* [Aim of the task]:
Please repeat exactly the lines below from the line with "Cuando hablamos de" to the line with "Zara Black Strapless", including both, and leave out every picture.

* [Study material]:
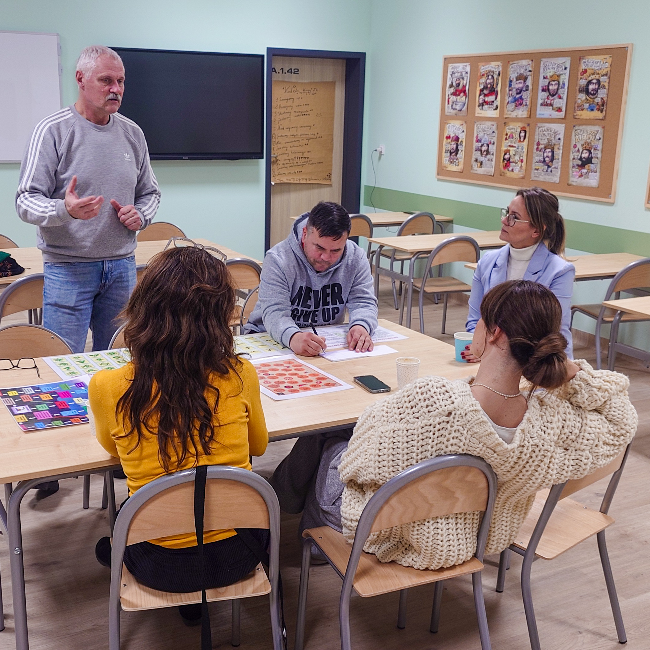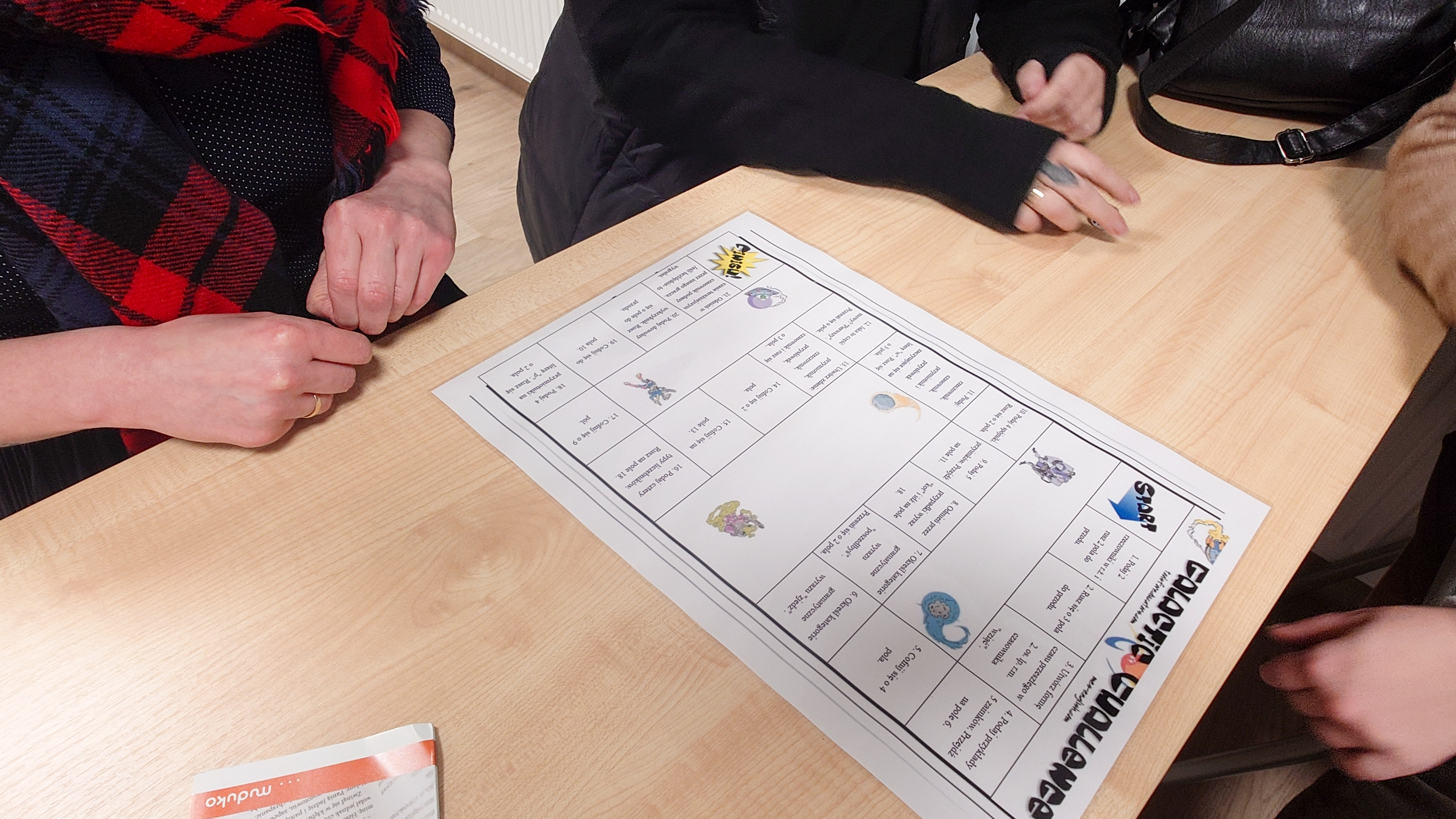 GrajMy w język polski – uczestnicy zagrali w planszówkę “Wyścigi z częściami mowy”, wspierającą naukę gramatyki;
---
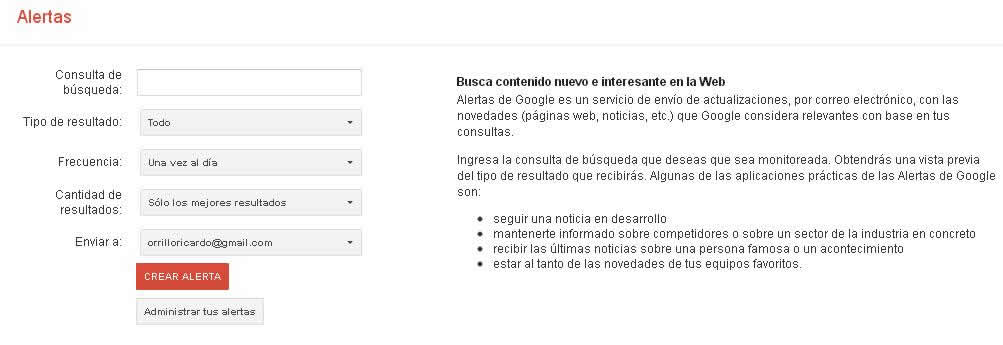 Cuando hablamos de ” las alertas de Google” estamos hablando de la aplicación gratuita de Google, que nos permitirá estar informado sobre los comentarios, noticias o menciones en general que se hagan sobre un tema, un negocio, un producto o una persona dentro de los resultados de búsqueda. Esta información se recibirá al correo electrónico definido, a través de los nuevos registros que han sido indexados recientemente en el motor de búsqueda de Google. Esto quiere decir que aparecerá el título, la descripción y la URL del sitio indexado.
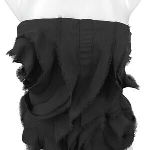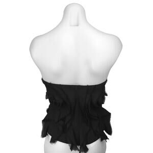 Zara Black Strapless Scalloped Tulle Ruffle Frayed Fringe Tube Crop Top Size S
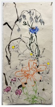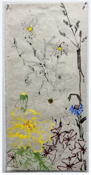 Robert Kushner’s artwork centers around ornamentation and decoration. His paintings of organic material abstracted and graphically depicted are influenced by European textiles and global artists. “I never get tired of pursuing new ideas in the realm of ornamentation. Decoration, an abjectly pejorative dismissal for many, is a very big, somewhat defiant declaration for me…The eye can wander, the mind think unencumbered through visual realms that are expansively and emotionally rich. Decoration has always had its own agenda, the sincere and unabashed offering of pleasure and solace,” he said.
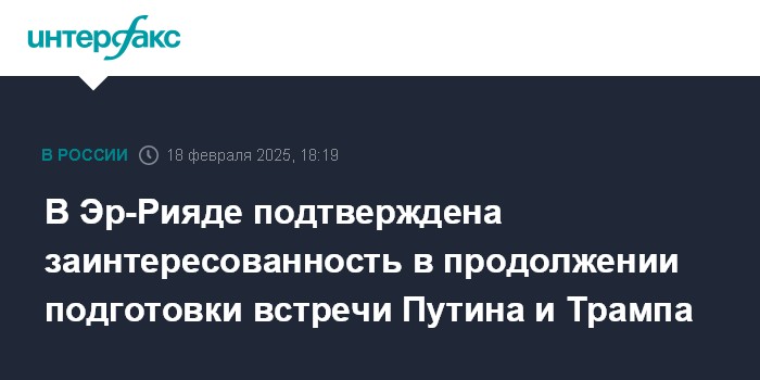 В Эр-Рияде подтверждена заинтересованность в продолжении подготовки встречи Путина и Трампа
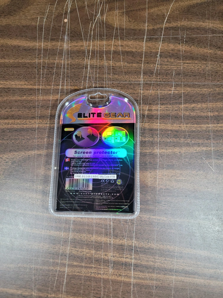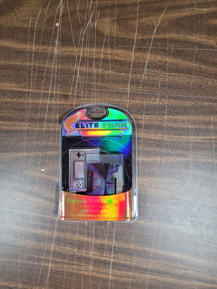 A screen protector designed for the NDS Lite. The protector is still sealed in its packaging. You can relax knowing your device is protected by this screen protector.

* [Written solution]:
 Cuando hablamos de ” las alertas de Google” estamos hablando de la aplicación gratuita de Google, que nos permitirá estar informado sobre los comentarios, noticias o menciones en general que se hagan sobre un tema, un negocio, un producto o una persona dentro de los resultados de búsqueda. Esta información se recibirá al correo electrónico definido, a través de los nuevos registros que han sido indexados recientemente en el motor de búsqueda de Google. Esto quiere decir que aparecerá el título, la descripción y la URL del sitio indexado.
 Zara Black Strapless Scalloped Tulle Ruffle Frayed Fringe Tube Crop Top Size S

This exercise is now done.